At least once a year for over twelve years now, my parents have been volunteering with the Israeli Army, through the amazing programs run by the Sar El organization. If you add up all the army time they’ve done throughout the years, it would total about six months of service.

There are various ways in which folks can help our very special State of Israel. While making donations to UJA, JNF, and the like are always important and appreciated, there are special folks who want to do more, and in a more active rather than passive role. Sar El gives folks the opportunity to get their hands dirty in helping the State of Israel.

In Sar-El one has the opportunity to work side by side with Israeli soldiers in performing non-combat tasks, generally involving repair and maintenance of various types of gear and equipment. One is in an environment with other motivated volunteers from all over the world, both Jewish and Christian, who are brought together by the same ideals in their love of the State of Israel. [This is a way to express ] the shared desire to help through sweat and not just greenbacks (donations). So you can call me a second generation Sar El volunteer, trying to follow in the footsteps of my parents.

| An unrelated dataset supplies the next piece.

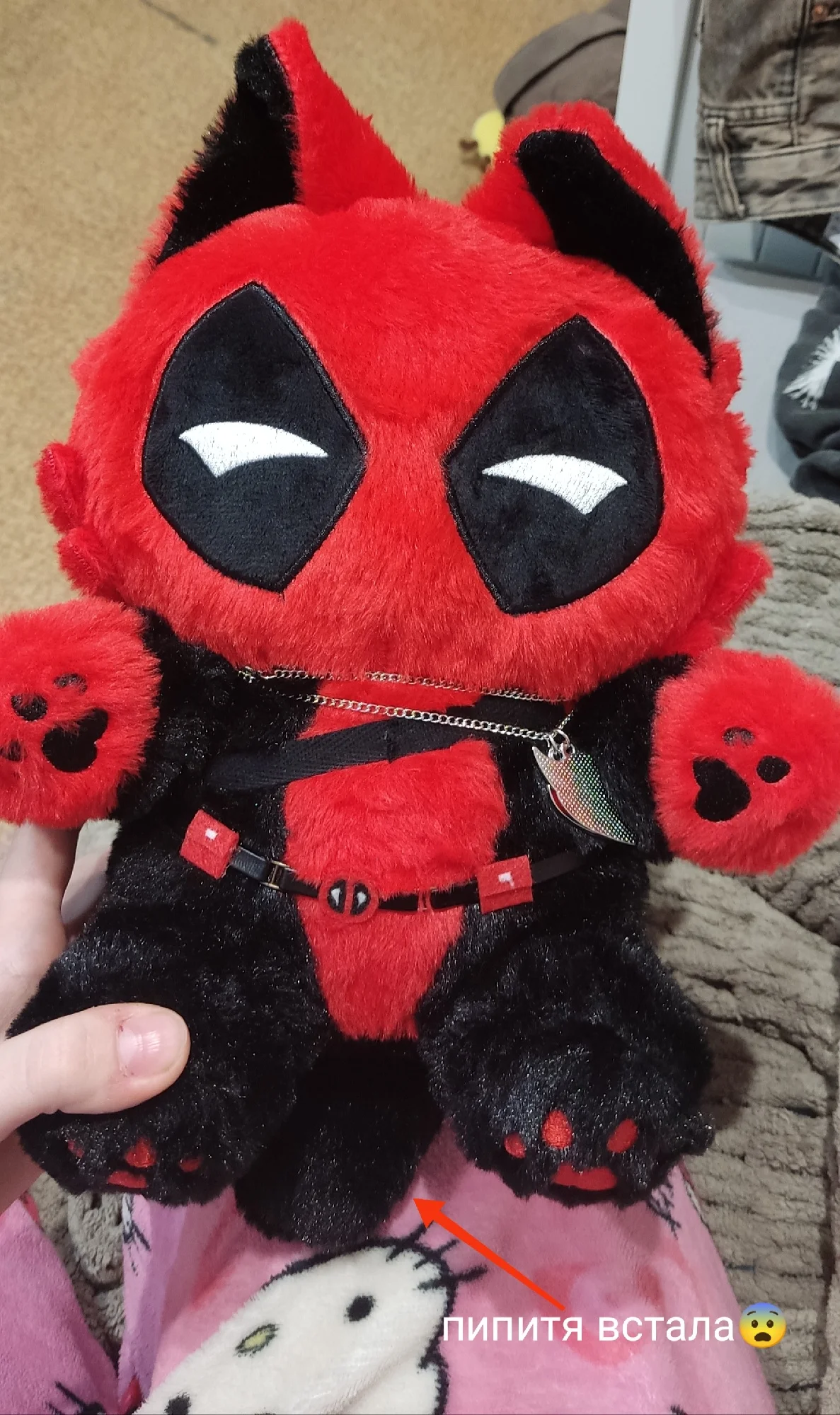 Посылка долго отправлялась. Было написано что придёт 7-го декабря, но саму посылку отправили 6-го, сам Дэдпульчик пришёл 12-го, но т.к. никого не было дома, посылку я получила уже 13-го. Самой игрушкой я очень довольна. Дэдпул мягкий, нигде не торчат ниточки, ремешок вроде качественный. Кароче игрушкой я ооочень довольна :3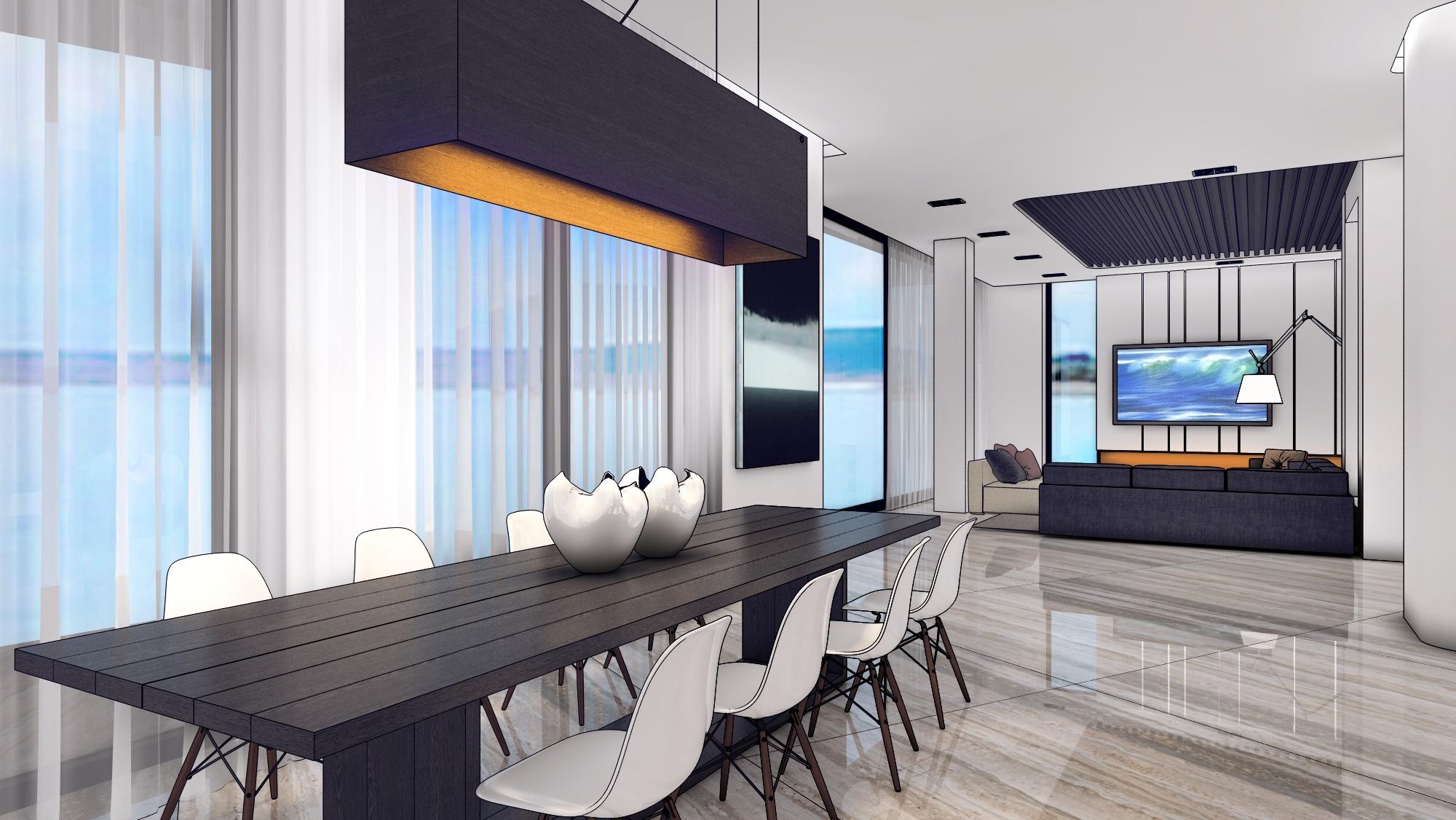 Большое светлое пространство общественной части в эскизных интерьерах дома открыто солнечным лучам, благодаря расположению зон вдоль панорамного остекления. Холл, гостиная и столовая с кухней свободно переходят друг в друга, образуя удобную в использовании жилую среду. Современный стиль с его лаконичными красками и природными материалами наделил обстановку комфортом.

How did I get involved with this amazing program? I made aliyah at an age that the army considers too old for regular service. After 6 months of ulpan (Hebrew Courses) I began working three years ago for a local Jerusalem accounting firm called Don Shrensky & Co. preparing and filing US Income Tax Returns for Americans living in “exile” (here). With Americans living abroad having until June 15th instead of April 15th to file, our busy season is generally from March through the end of June. February is generally a quiet time of the year at the office. As I saw this slower time of year approaching, I asked my supervisors if they would mind if I took an army leave of absence to serve our country this time of year and they graciously approved.

 I had been itching and searching for an opportunity to serve since coming, and thanks to the Sar El program thank Gd I finally had it. I see this as my opportunity to perform the miluim-like (reserve duty) that many Israelis do annually. I should add that this program for sure isn’t all work and no play. There are a fair amount of tea and coffee breaks mixed in to the work day. You will work hard but you don’t have to be in marine-like shape to perform the work that needs to be done.

The absolute cherry-on-the-cake with this program are the madrichot (Guides). Every Sar El group generally has a pair of young ladies who organize the volunteer program and the day-to-day operation of it. Aside from generally being fluent in English, very polite, and easy on the eyes, they run amazing evening activities that are very educational, interactive, and always entertaining. You will know a lot more about Israel at the end of the program, and you will know all the other volunteers as well, due to the efforts of the madrichot. So, if you’re looking to help the state of Israel in an active way, and you’re between the ages of 18 – 120, come on over. Your uniform is waiting for you.